In connection with the IPO, grant of restricted stock in respect of 25,000 ordinary shares to be made to each Non-Employee Director, other the Compensation Committee Chair, who was appointed to the board of directors of the Company following the adoption of this policy by the board of directors of the Company and whose appointment is effective prior to the IPO; which vests ratably on each of the first three anniversaries of the date of grant, subject to continued service as a member of our board of directors through such date.

 

 

Additional annual cash retainer for Audit Committee chair

  

$20,000 (payable in cash on a quarterly basis)

 

 

Additional annual cash retainer for Audit Committee member

  

$10,000 (payable in cash on a quarterly basis)

 

 

Additional annual cash retainer for Compensation Committee chair

  

$15,000 (payable in cash on a quarterly basis)

 

 

Additional annual cash retainer for Compensation Committee member

  

$7,500 (payable in cash on a quarterly basis)

 

 

Additional annual cash retainer for Nominating Committee chair

  

$10,000 (payable in cash on a quarterly basis)

 

 

Additional annual cash retainer for Nominating Committee member

  

$5,000 (payable in cash on a quarterly basis)

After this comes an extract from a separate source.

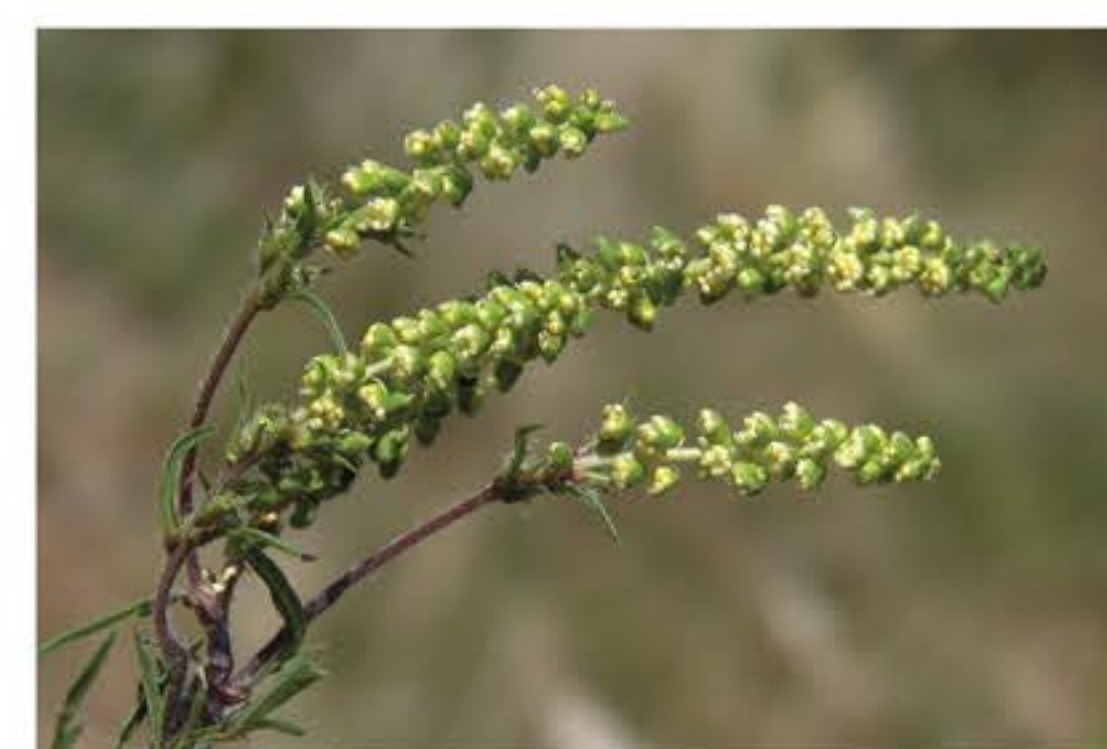
Fiore maschile dell'Ambrosia Artemisiifolia

Additional annual cash retainer for Compliance Committee chair

  

$10,000 (payable in cash on a quarterly basis)

 

 

 

Additional annual cash retainer for Compliance Committee member

  

$5,000 (payable in cash on a quarterly basis)

In addition, Non-Employee Directors will be reimbursed by the Company for reasonable and customary expenses incurred in connection with attendance at board of director and committee meetings, in accordance with the Company’s policies as in effect from time to time.

For the avoidance of doubt, directors who are (i) employees of the Company, (ii) employees of one of its affiliates or (iii) (a) are affiliated with a shareholder holding more than one percent (1%) of the ordinary shares or ordinary share equivalents of the Company or (b) individually (or through any trust or estate planning entity) hold more than one percent (1%) of the ordinary shares or ordinary share equivalents) of the Company will not receive compensation for their service as a director, other than reimbursement for reasonable and customary expenses incurred in connection with attendance at board of director and committee meetings, in accordance with the Company’s policies as in effect from time to time.